Overall things to consider

Say in your syllabus how you will communicate. Tell your minimum email response time. Here is an example e-communication policyGive a variety of ways you can be contacted and can meet with students, in addition to office hours. Chat? Skype? Texting? Facebook? Twitter? How you will contact is much more important to students that office hours.

Don’t do all of them—limit the forms of communication. Ask students for feedback on the first day or two of class about which communication forms they prefer, and select those. Don’t switch mid-course.

Consider not handing out the syllabus during the first class, but rather talk about the subject area, why it is interesting and relevant, what students will be doing during the course, etc. Email the syllabus after the first class (also post it in D2L) and have a short quiz on it at the beginning of the next class.

In the constant pressure to cover topics while engaging in active learning, limit yourself to what you want students to remember in five years. Integration is more important than covering everything.

Keep your personal and professional online presence (FB, Twitter) separate.

“The best course designs motivate change (like a video game) with a combination of high standards and an environment that supports risk and failure.”

Moving from traditional to active learning is a massive undertaking. Start small by creating interactive lectures or breaking up lectures with demonstrations, buzz groups, mini-writing assignments, etc. (low risk, high learning dividends).

Be consistent—post regularly. Specify whether Twitter or Facebook group participation is mandatory. Deliver on time on commitments. Limit communications to one per day. Be brief—include a link with more details. Be transparent—tell everyone before you tell individual students. Use the right channel—some are more passive, less urgent. For example, post a news story as a Facebook status but put a reminder on Twitter or text it. Keep a record of every message and channel used; make it available to students in D2L or a blog.

Provide learning outcomes for both class and class preparation.

Use D2L to keep all files in one place for all notes, handouts, summaries, etc. You can still tweet, FB or email them at strategically timed points to maximize engagement.

Use technology to deliver extra examples, problems, and content that you didn’t get to in class, to take the pressure off “covering all the content.”
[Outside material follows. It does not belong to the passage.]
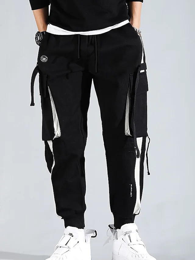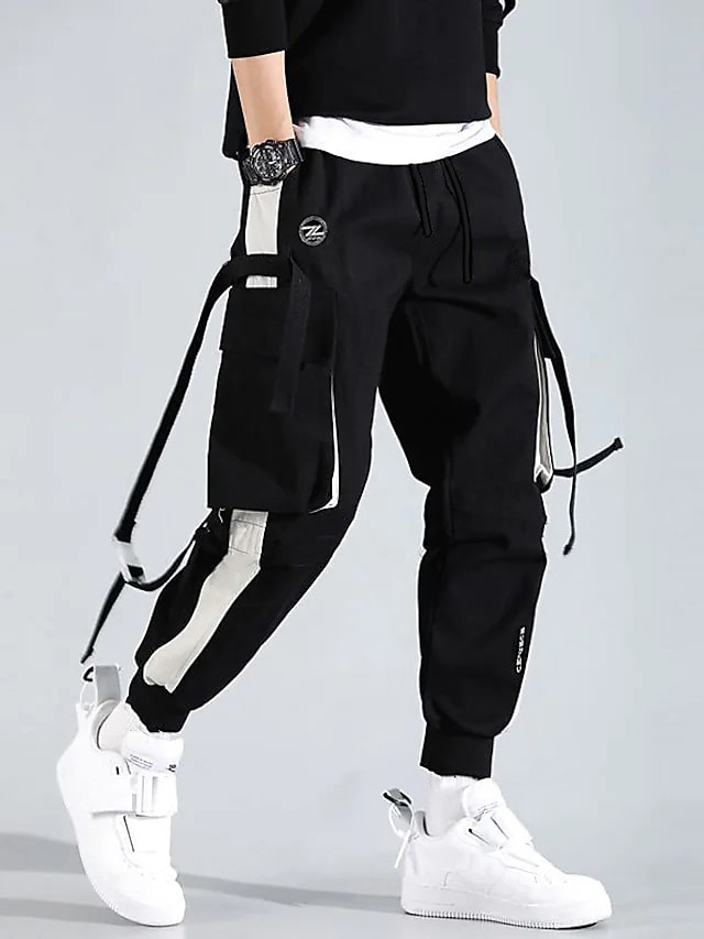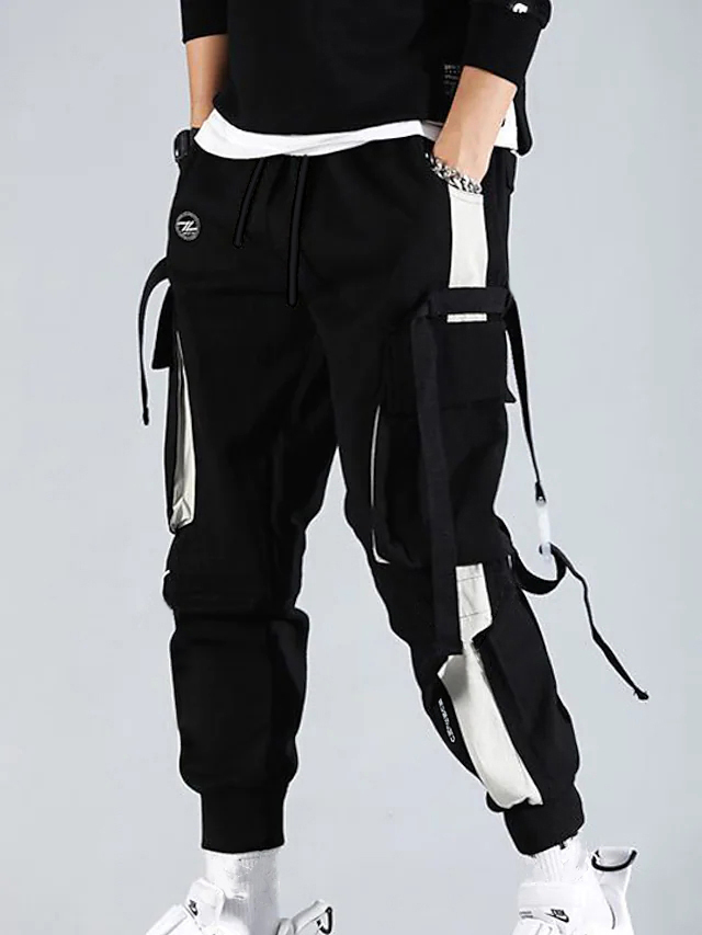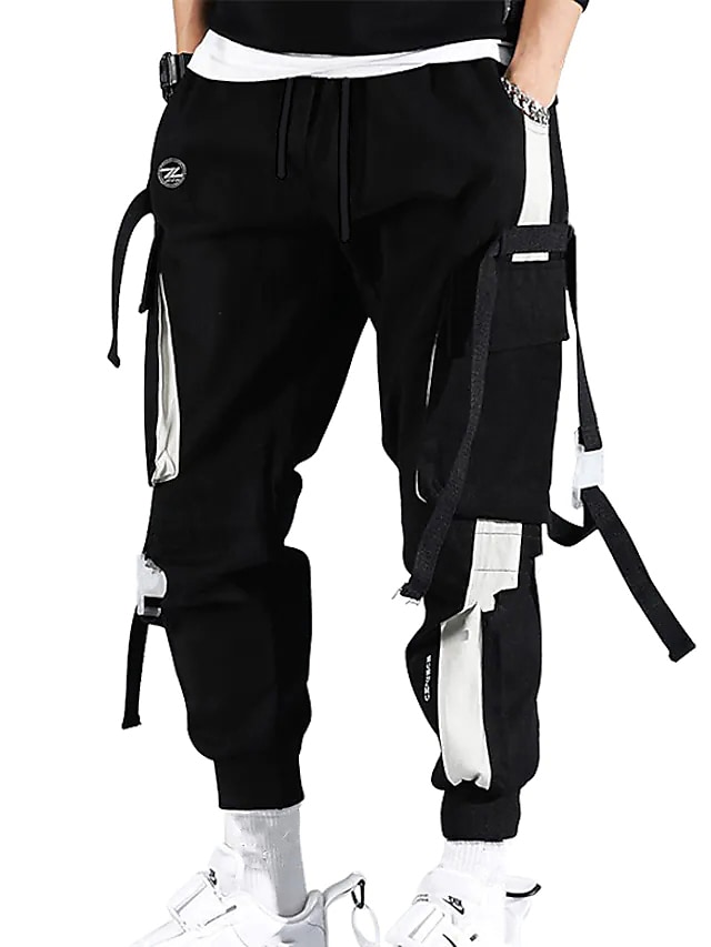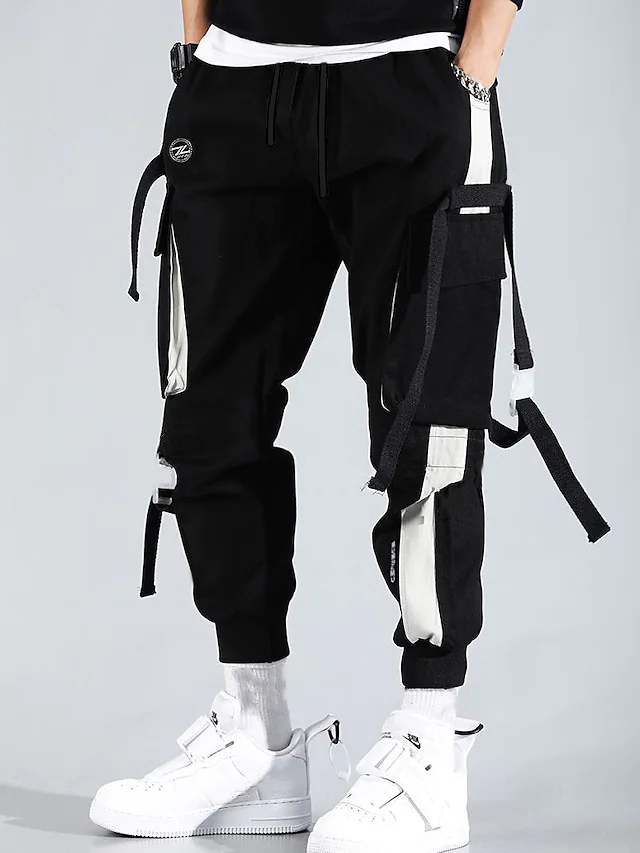 men's cargo pants Streetwear Embroidery Color Block Cotton jogging pants Trousers With Multi-pockets ribbon hiphop punk joggers sweatpants sport harem pants spring Fall
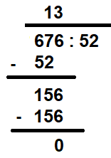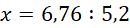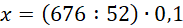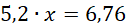 Aby obliczyć x, podziel 6,76 przez 5,2, ponieważ dzielenie jest działaniem odwrotnym do mnożenia. Zamień iloraz na iloraz liczb całkowitych pomnożony przez odpowiednią wielokrotność 0,1. Wykonaj dzielenie pisemne.

Students interpret online content and activities as evidence of teacher preparation, which is one of the top-rated indicators of quality of teaching for students.

Traditional methods assume that analyzing, reflecting, synthesizing and caring will happen when students are alone and away from the classroom and professor. Technology offers the chance to invert this model: get the concepts while away, then apply them in a safe-to-fail, supervised environment in which students get expert feedback, in the classroom (Bowen, 187).

Research from neurology and developmental psychology reinforce education research: content has to be integrated in order to be used; practice and growth take time; motivation, control and emotion all need to be part of the learning process (Bowen, 85). Practice and emotion cause neural networks to form (this is in the context of brain plasticity), which is why motivation and engagement matter (Bowen, 77).

References:

Bowen, J. A. (2012). Teaching Naked: How Moving Technology Out of You College Classroom will Improve Student Learning. Jossey-Bass, San Francisco.